__Instructions for the task__
From the first line of the listing below to the line containing "son günlerden neşriyatı", write out everything exactly. No pictures.

__Input for this task__
....

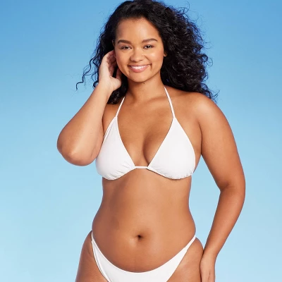 Triangle bikini top from Wild Fable™ in a solid hue. Made from soft fabric with spandex for stretchy comfort in and out of the water. Removable cups offer customizable coverage. Adjustable thin straps plus back and behind-neck ties provide the perfect stay-put fit.
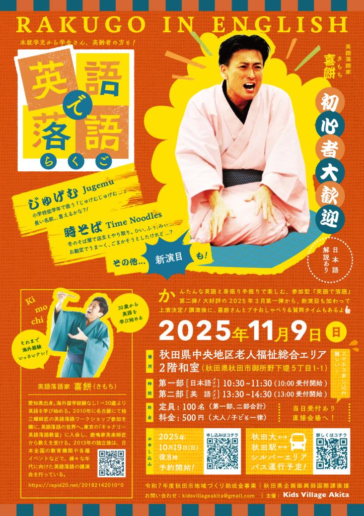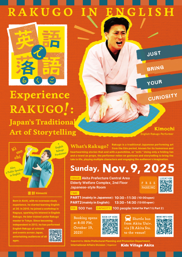 10月19日(日)20時申込開始!google formにて 【英語で落語】お申込フォーム【Rakugo in English!】Application Form *オンラインでのお申し込みが難しい方は、当日先着順にて若干名お席を用意しております。直接会場にお越しください。 October 19 (Sun) at 8:00 PM via Google Form: 【英語で落語】Application Form【Rakugo in English!】Application Form *If online registration is difficult, a few seats will be available on the day (first come, first served). Please come directly to the venue. |
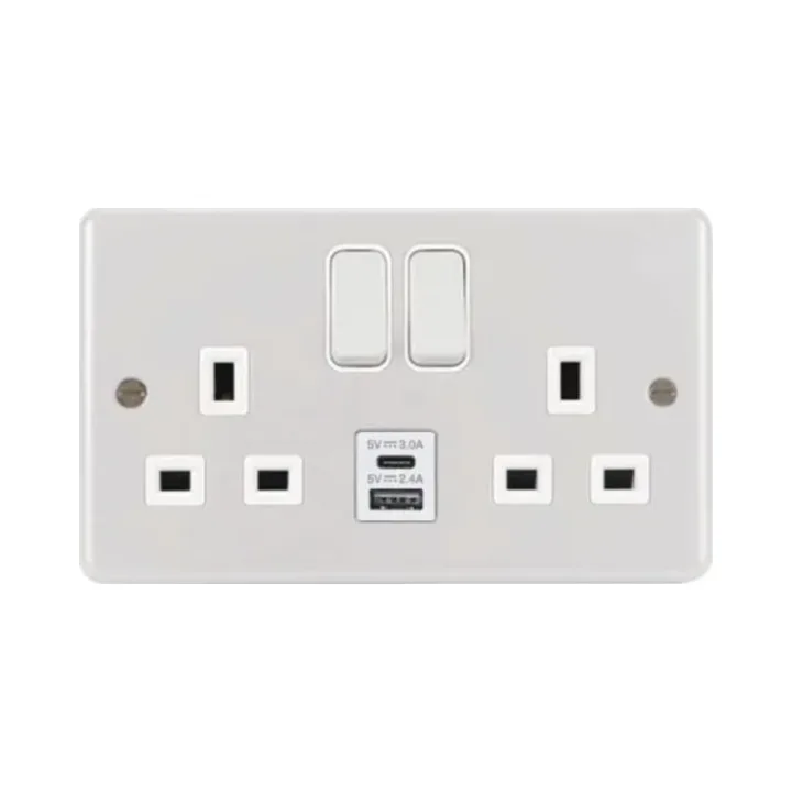WPSS82W-USBAC – WPSS82W-USBAC White Metal Clad 13A 2 Gang Double Pole Switched Socket with USB A+C
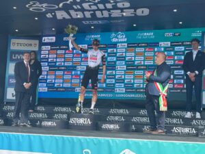 Braccia al cielo per Alessandro Covi nella prima tappa del Giro d’Abruzzo, la Scerni-Crecchio di 151 Km. Domani seconda frazione da Tocco da Casauria a Penne.
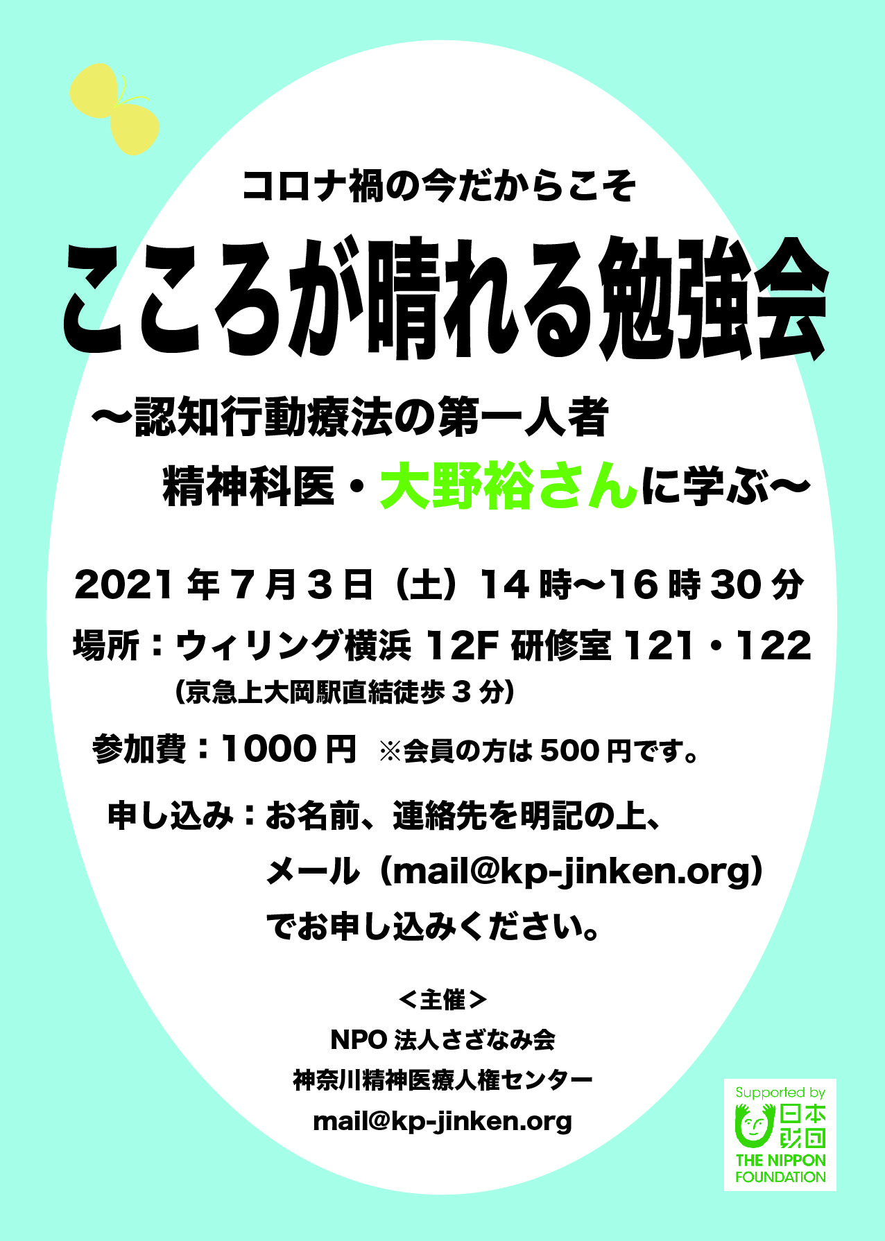 2021年度「心が晴れる勉強会」(大野裕氏講演会)チラシ
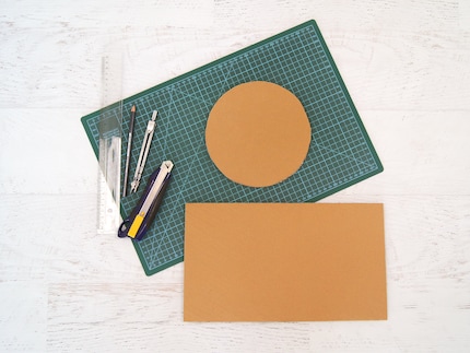 Schritt 1: Schneide aus einem Karton ein Rechteck und einen Kreis aus.
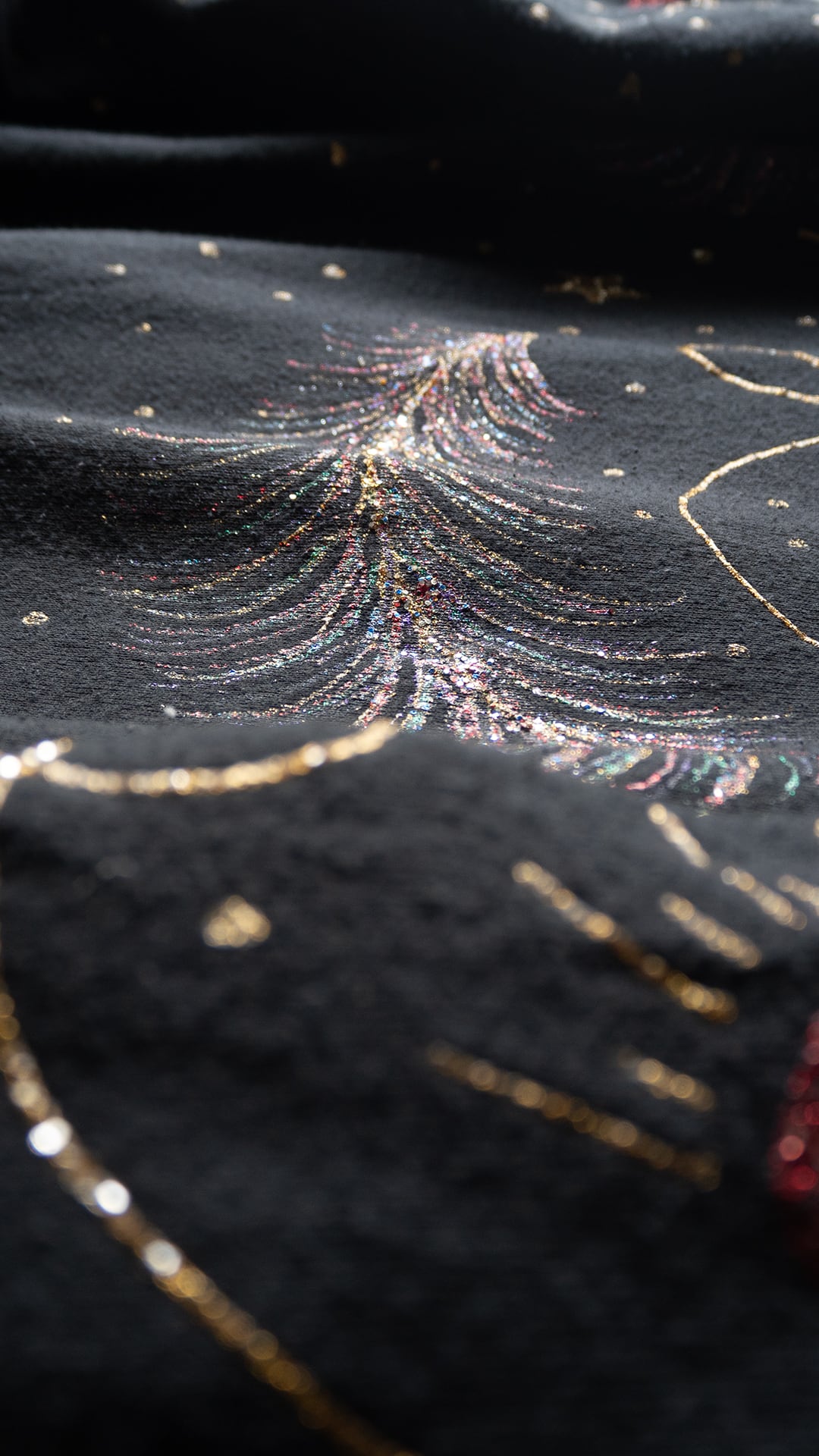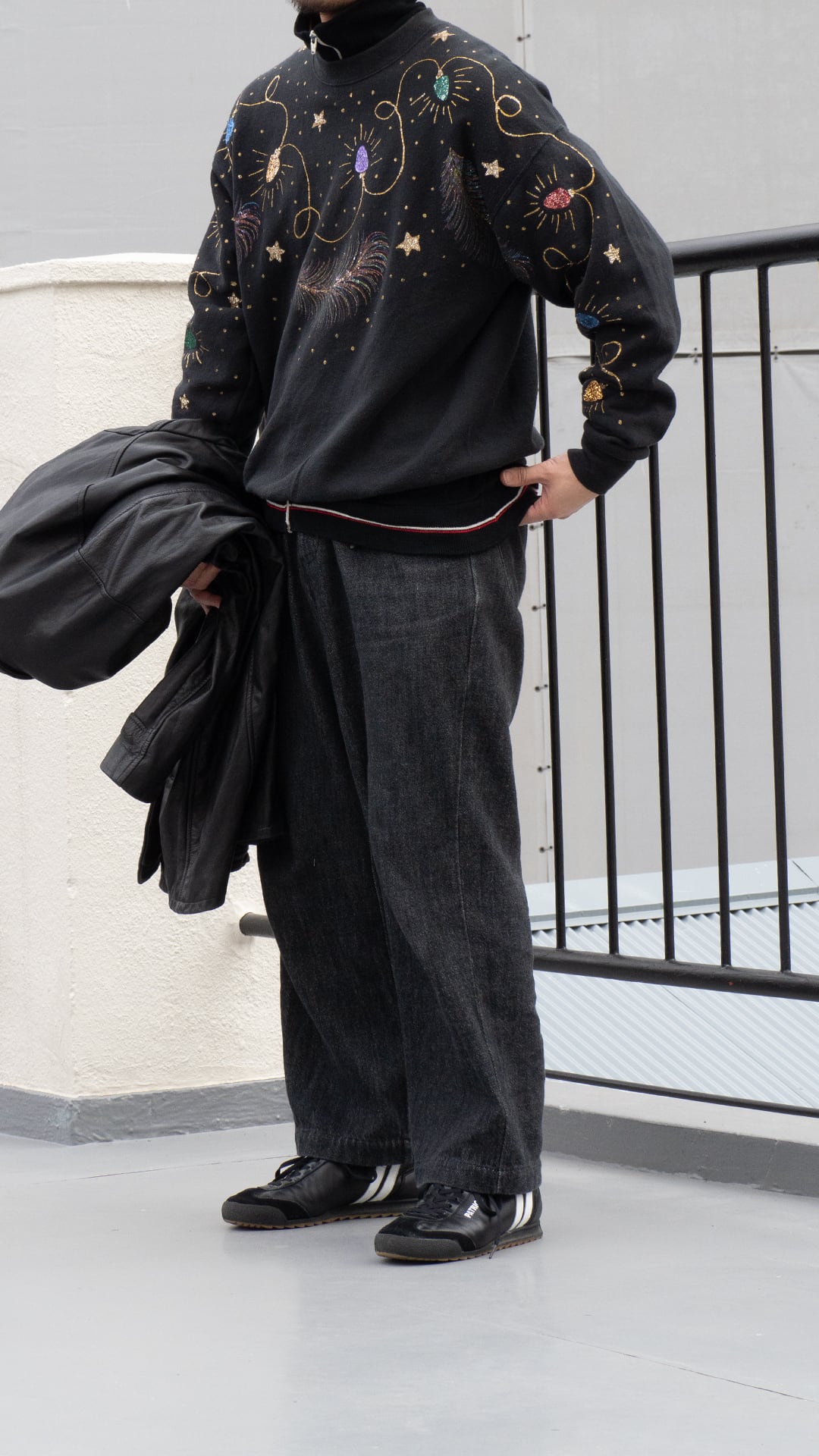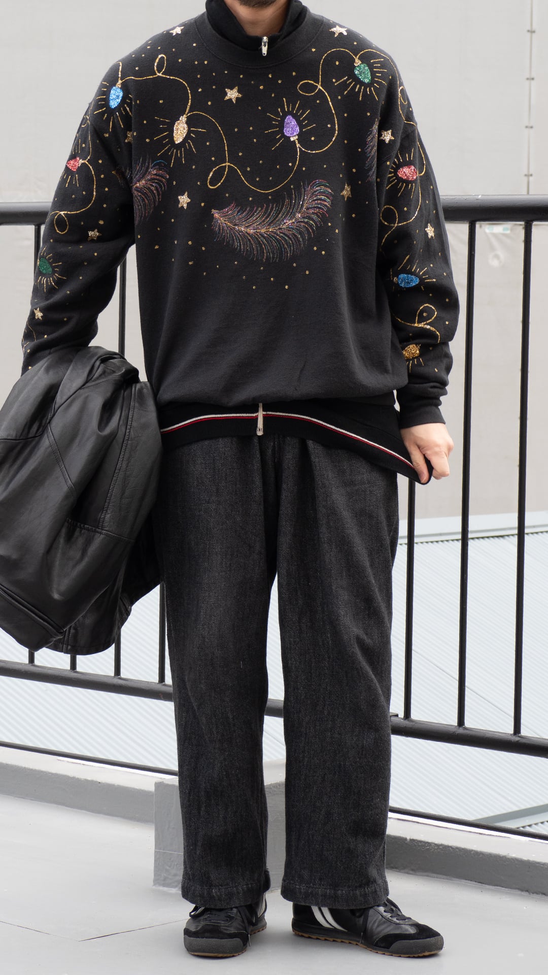 店主自身を含め、未知の領域となる装飾スウェットですが、ボディがブラックということで、ピックに踏み切ったと言っていいです。
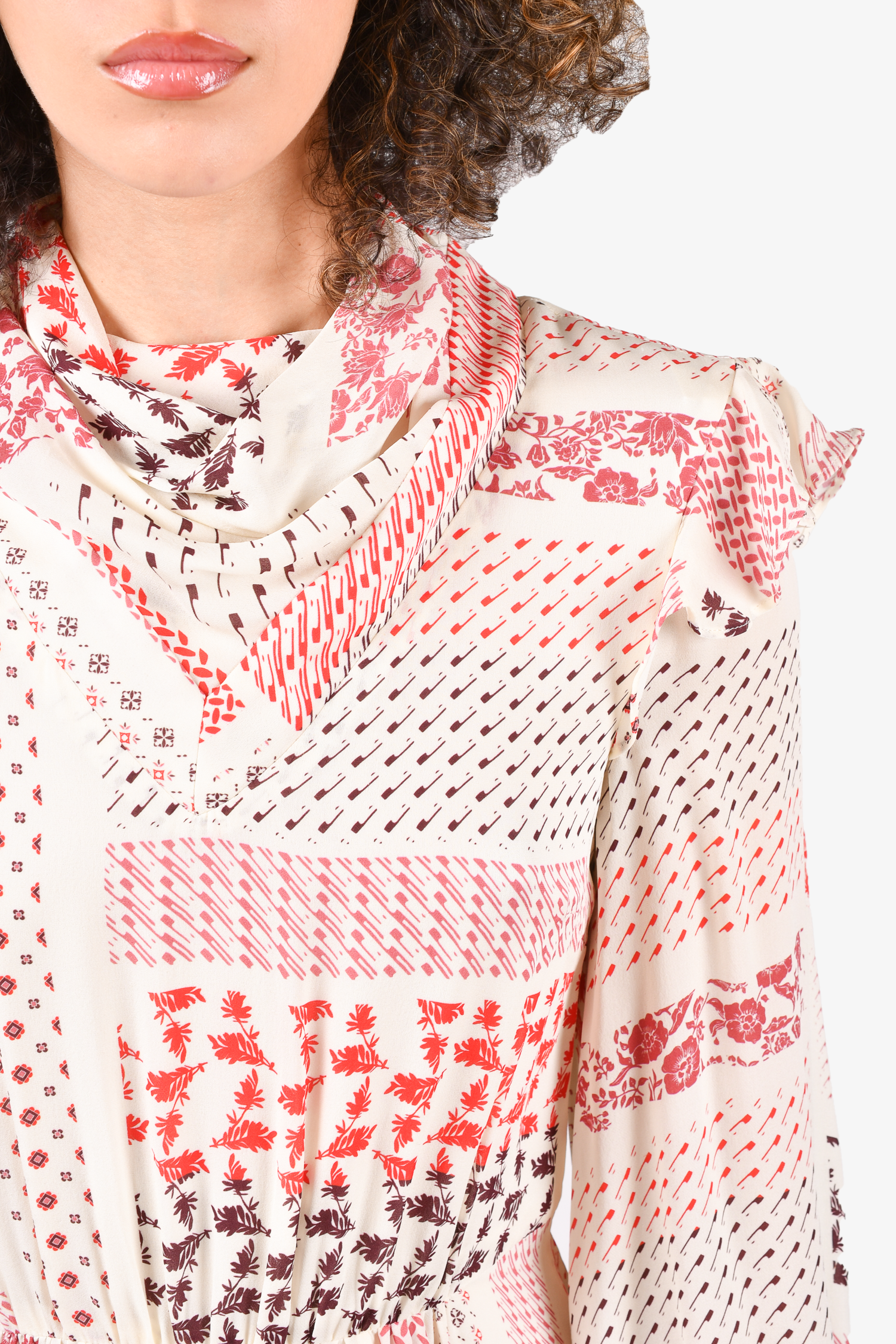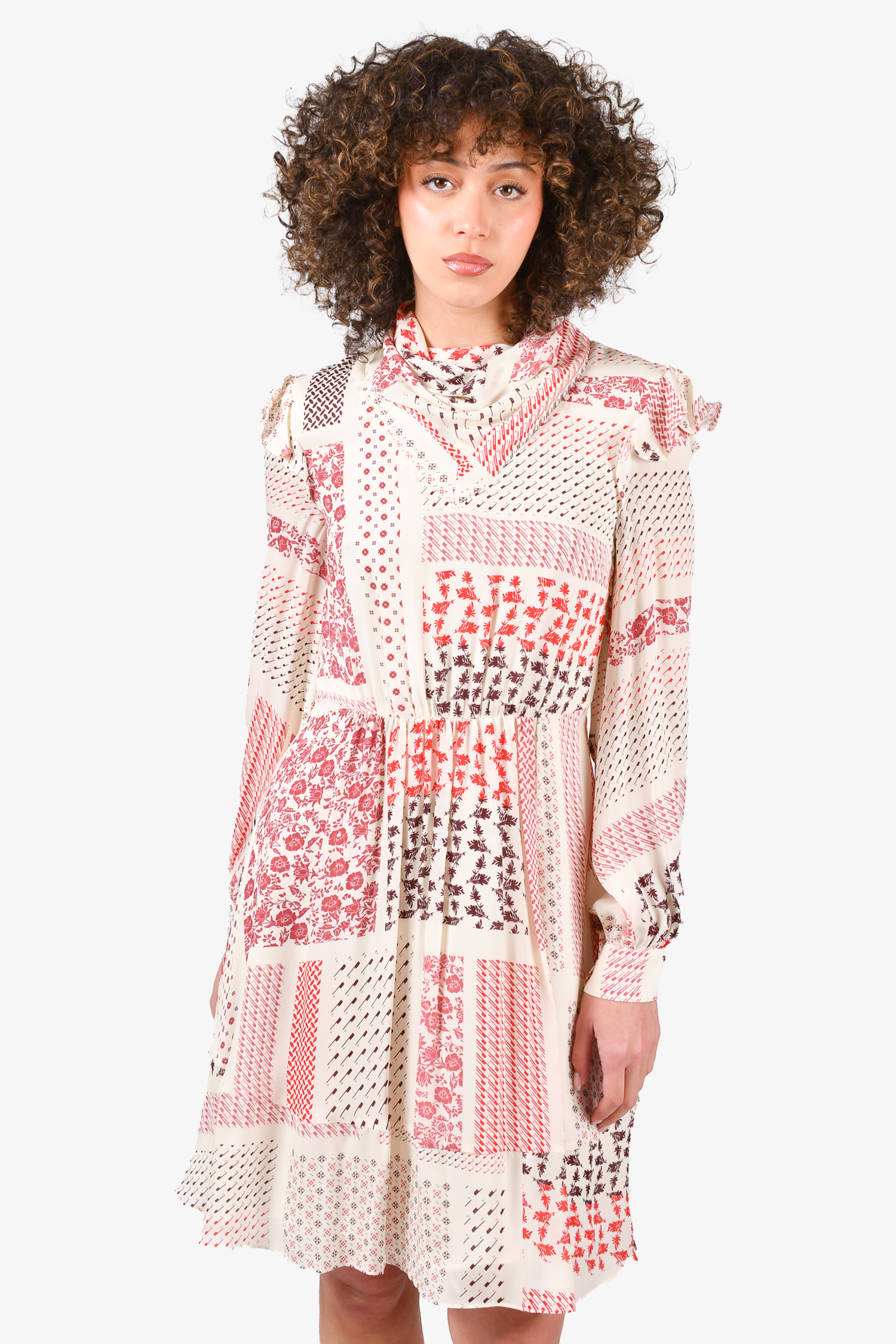 Derek Lam 10 Crosby White/Red Silk Foliage Print Dress Size 2
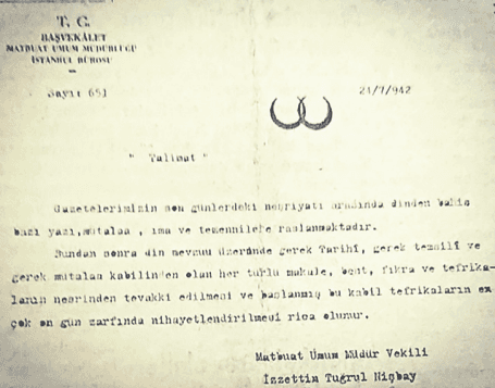 “Gazetelerimizin son günlerden neşriyatı arasında dinden bâhis bazı yazı, mütalaa, ima ve temennilere rastlanmaktadır. Bundan sonra din mevzuu üzerinde gerek tarihî, gerek temsilî ve gerek mütalaa kabilinden olan her türlü makale, bend, fıkra ve tefrikaların neşrinden tevakki edilmesi (kaçınılması) ve başlanmış bu kabil tefrikaların en çok on gün zarfında nihayetlendirilmesi rica olunur.”
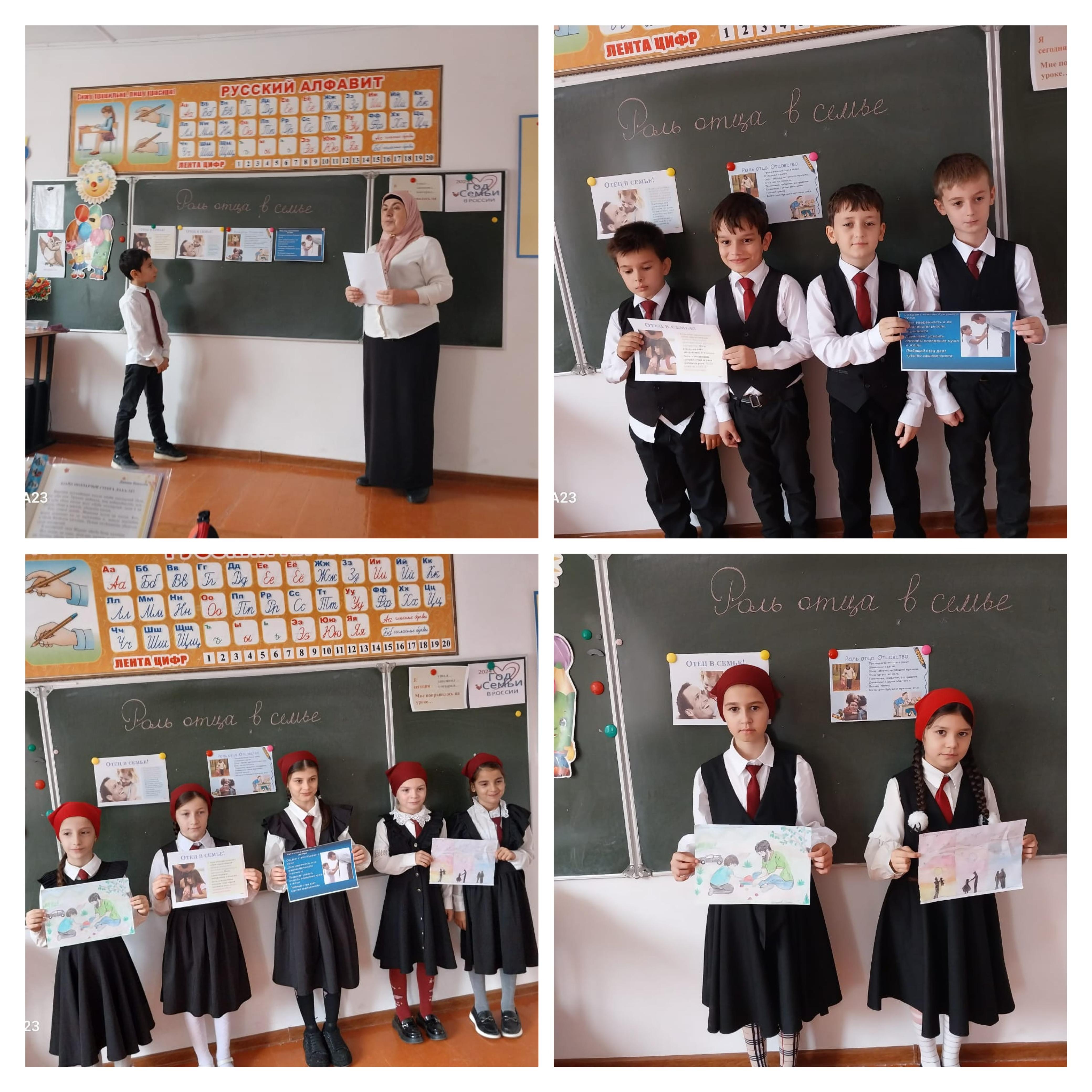 14 октября 2024 года в МБОУ «Бильтой-Юртовская СШ» учителя начальных классов провели увлекательные беседы на тему «Роль отца в семье» для учеников 1-4 классов. Эти занятия помогли детям лучше понять значение отцовской заботы, поддержки и участия в их жизни, а также обсудить, как отцы влияют на формирование характера и ценностей семьи. Учащиеся активно участвовали в обсуждениях, делясь своими мыслями и примерами из собственного опыта, что способствовало развитию уважения к родителям и укреплению семейных связей. Такие беседы способствовали формированию у детей осознания важности роли отца в их жизни и воспитании.

....

__Solution for this exercise__
 Triangle bikini top from Wild Fable™ in a solid hue. Made from soft fabric with spandex for stretchy comfort in and out of the water. Removable cups offer customizable coverage. Adjustable thin straps plus back and behind-neck ties provide the perfect stay-put fit.
 10月19日(日)20時申込開始!google formにて 【英語で落語】お申込フォーム【Rakugo in English!】Application Form *オンラインでのお申し込みが難しい方は、当日先着順にて若干名お席を用意しております。直接会場にお越しください。 October 19 (Sun) at 8:00 PM via Google Form: 【英語で落語】Application Form【Rakugo in English!】Application Form *If online registration is difficult, a few seats will be available on the day (first come, first served). Please come directly to the venue. |
WPSS82W-USBAC – WPSS82W-USBAC White Metal Clad 13A 2 Gang Double Pole Switched Socket with USB A+C
 Braccia al cielo per Alessandro Covi nella prima tappa del Giro d’Abruzzo, la Scerni-Crecchio di 151 Km. Domani seconda frazione da Tocco da Casauria a Penne.
 2021年度「心が晴れる勉強会」(大野裕氏講演会)チラシ
 Schritt 1: Schneide aus einem Karton ein Rechteck und einen Kreis aus.
 店主自身を含め、未知の領域となる装飾スウェットですが、ボディがブラックということで、ピックに踏み切ったと言っていいです。
 Derek Lam 10 Crosby White/Red Silk Foliage Print Dress Size 2
 “Gazetelerimizin son günlerden neşriyatı arasında dinden bâhis bazı yazı, mütalaa, ima ve temennilere rastlanmaktadır. Bundan sonra din mevzuu üzerinde gerek tarihî, gerek temsilî ve gerek mütalaa kabilinden olan her türlü makale, bend, fıkra ve tefrikaların neşrinden tevakki edilmesi (kaçınılması) ve başlanmış bu kabil tefrikaların en çok on gün zarfında nihayetlendirilmesi rica olunur.”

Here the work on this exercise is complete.